#### What the task asks
Retype only what runs from the first line of the listing to the line holding "Black denim fabric", both included. Do not retype the pictures.

#### Supplied material
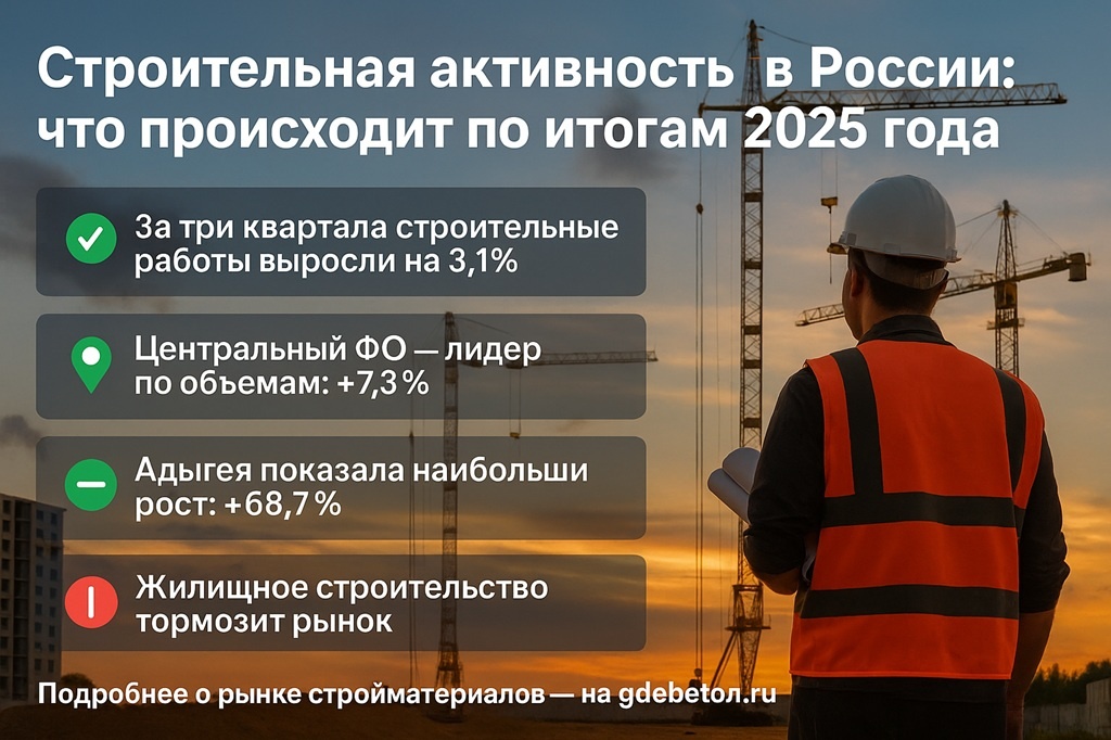 Строительная отрасль в России завершает 2025 год с умеренным ростом — но ситуация в регионах очень разная. Sherpa group опубликовала свежую аналитику, и вот самое важное простым языком. За первые три квартала 2025 года объём строительных работ вырос на 3,1% — до 12,35 трлн рублей.
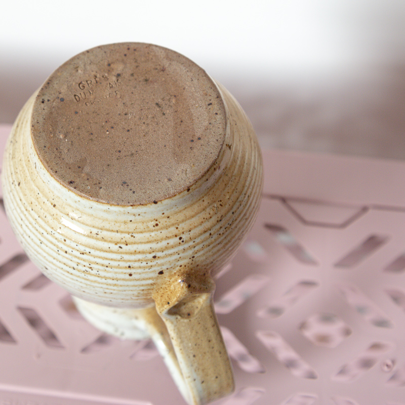 Pichet en grès provenant de la fabrique grès du marais, avec son anse, vintage. La couleur est très élégante. Il est en parfait état.
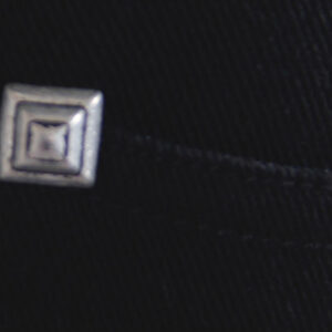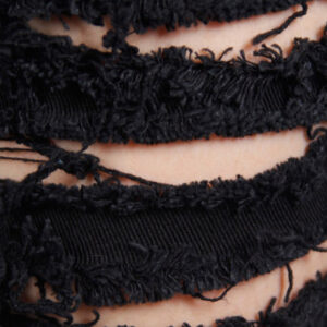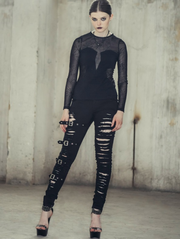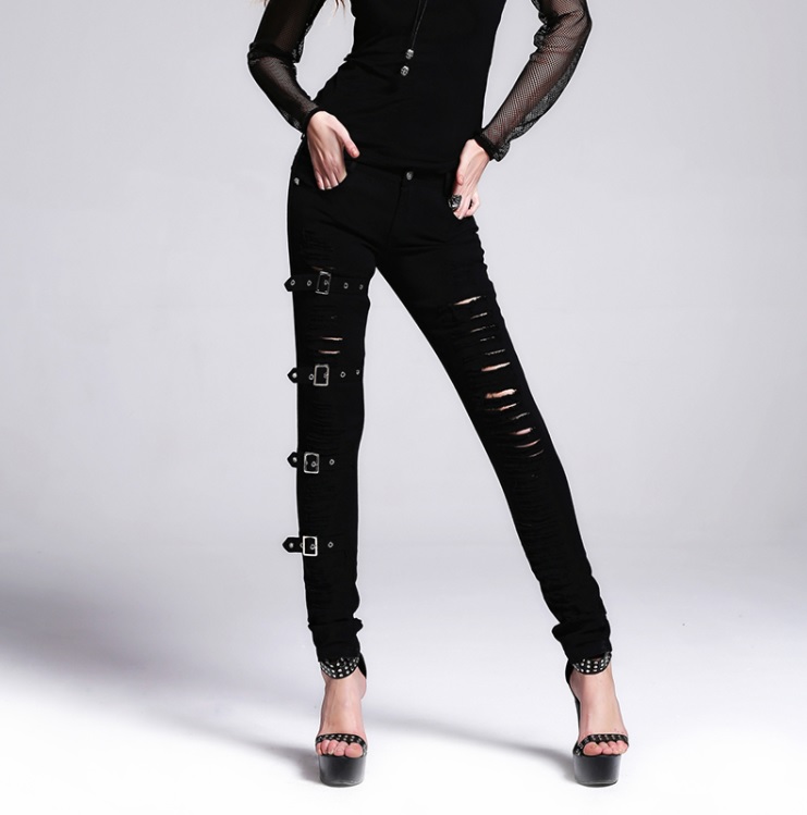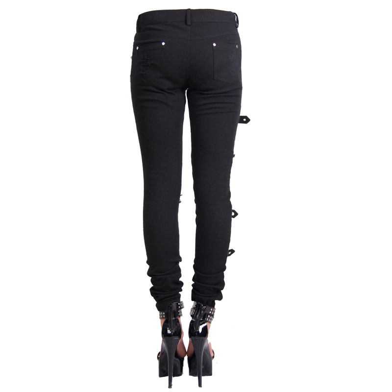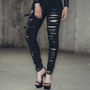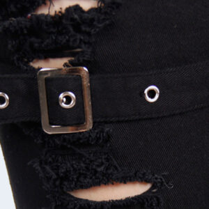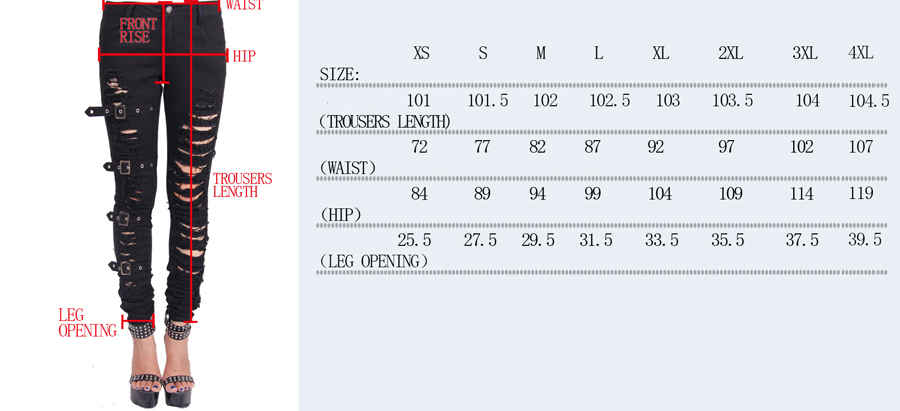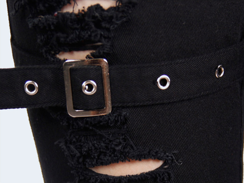Black denim fabric Anti-tear shredded openings Elastic twill fabric Pocket with pyramid rivets Right leg has four adjustable belts with vintage buckle Measurement chart attached
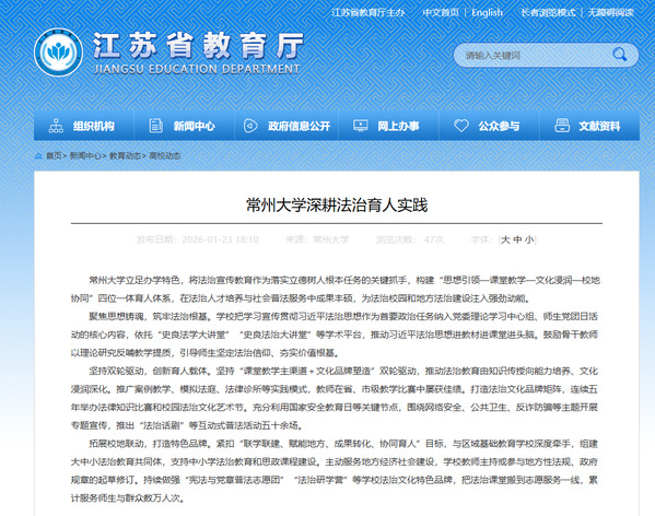 常州大学立足办学特色,将法治宣传教育作为落实立德树人根本任务的关键抓手,构建“思想引领—课堂教学—文化浸润—校地协同”四位一体育人体系,在法治人才培养与社会普法服务中成果丰硕,为法治校园和地方法治建设注入强劲动能。
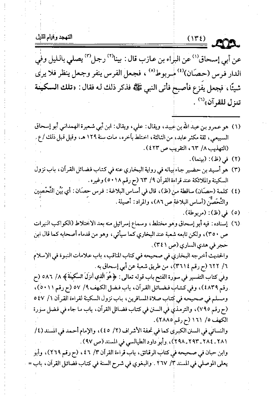 عن أبي إسحاق عن البراء بن عازب قال بينا رجل يصلي بالليل وفي الدار فرس حصان مربوط فجعل الفرس ينفر وجعل ينظر فلا يرى شيئا فجعل يفزع فأصبح فأتى النبي فذكر ذلك له فقال ( تلك السكينة تنزل للقرآن ) // إسناده فيه أبو إسحاق وهو مختلط //
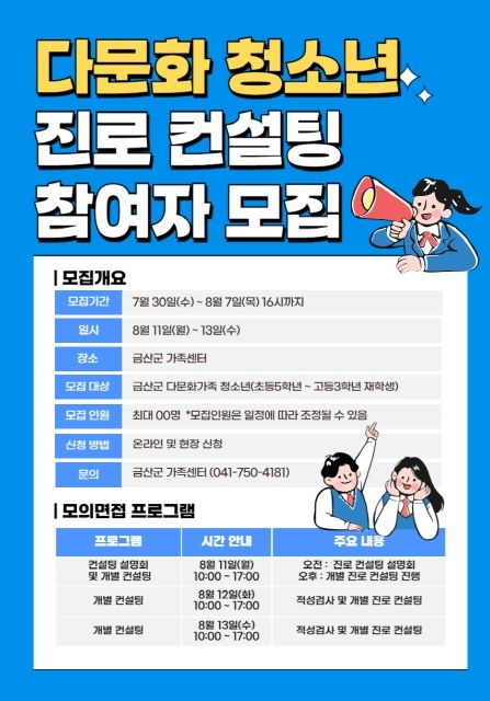 주요 프로그램으로는 △진로 컨설팅 설명회 △적성검사 △개별 진로 컨설팅 등이 있으며 8월 11일부터 13일까지 금산군가족센터에서 운영될 예정이다.
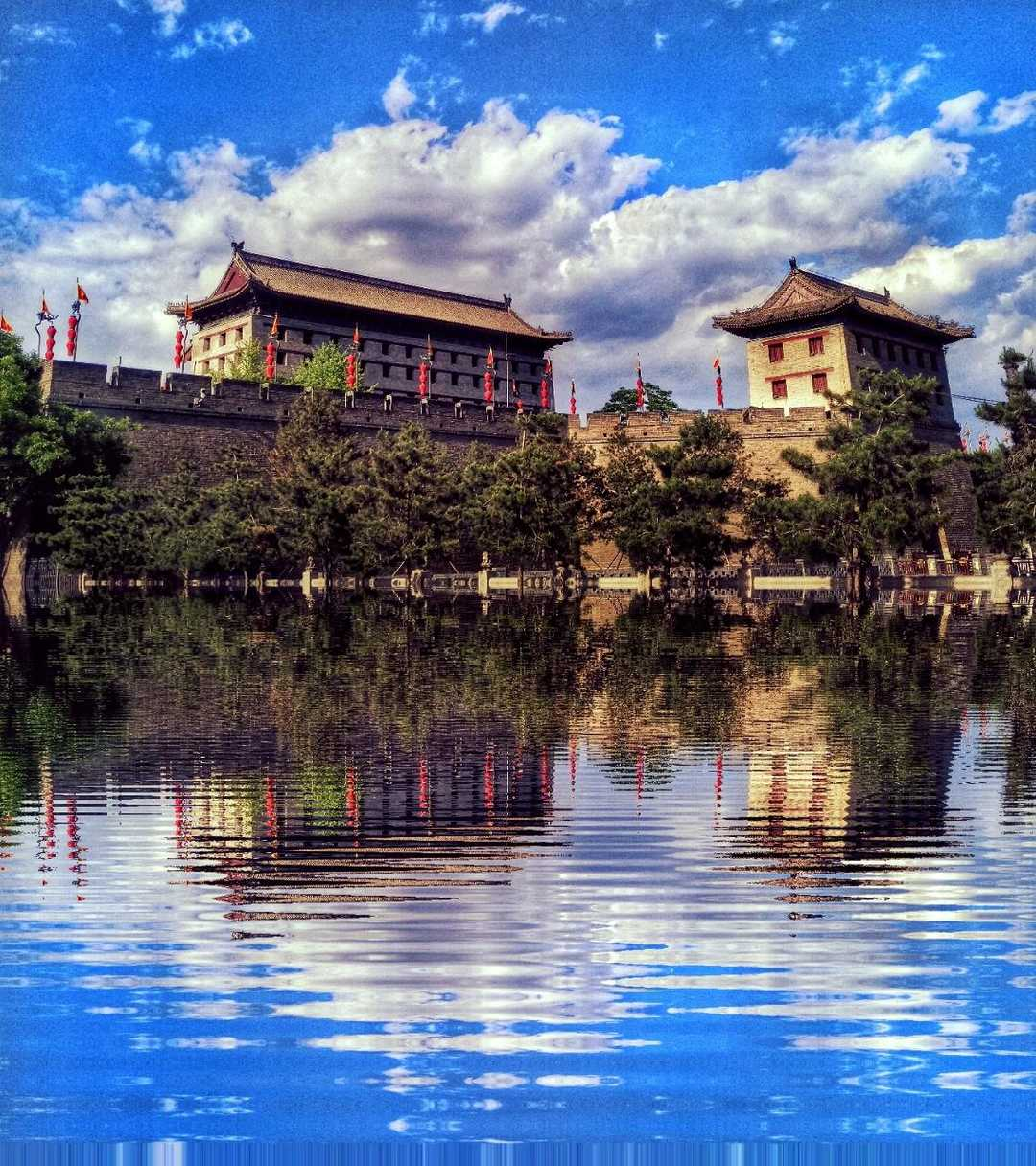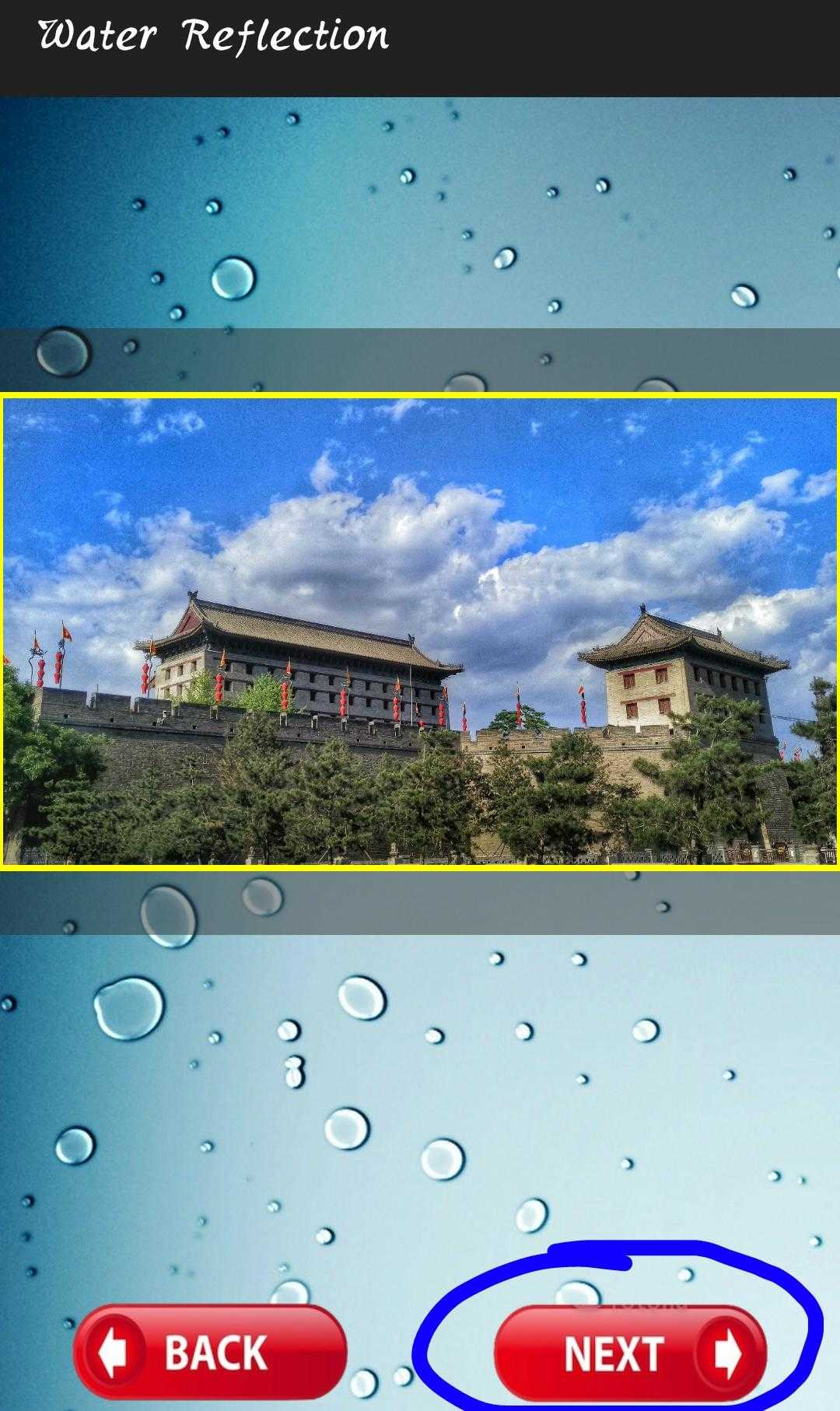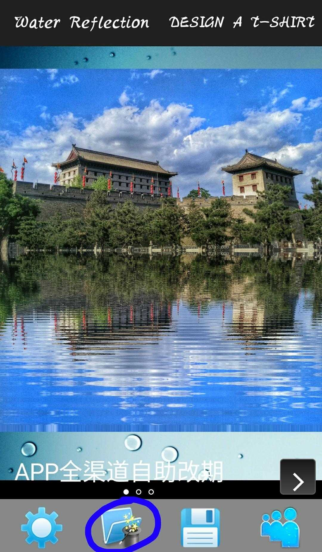 可以看到城墙的倒影效果直接出来,左右滑动选择效果强度,就这么快的一键操作啊!这款软件不希望过多的后期编辑,个人建议倒影出来后最多加个滤镜,过多的操作只会破坏该软件的实际效果,所以只专注倒影效果,谨慎使用其他修饰功能。点击下面图标开始编辑,

#### Exercise result
 Строительная отрасль в России завершает 2025 год с умеренным ростом — но ситуация в регионах очень разная. Sherpa group опубликовала свежую аналитику, и вот самое важное простым языком. За первые три квартала 2025 года объём строительных работ вырос на 3,1% — до 12,35 трлн рублей.
 Pichet en grès provenant de la fabrique grès du marais, avec son anse, vintage. La couleur est très élégante. Il est en parfait état.
Black denim fabric Anti-tear shredded openings Elastic twill fabric Pocket with pyramid rivets Right leg has four adjustable belts with vintage buckle Measurement chart attached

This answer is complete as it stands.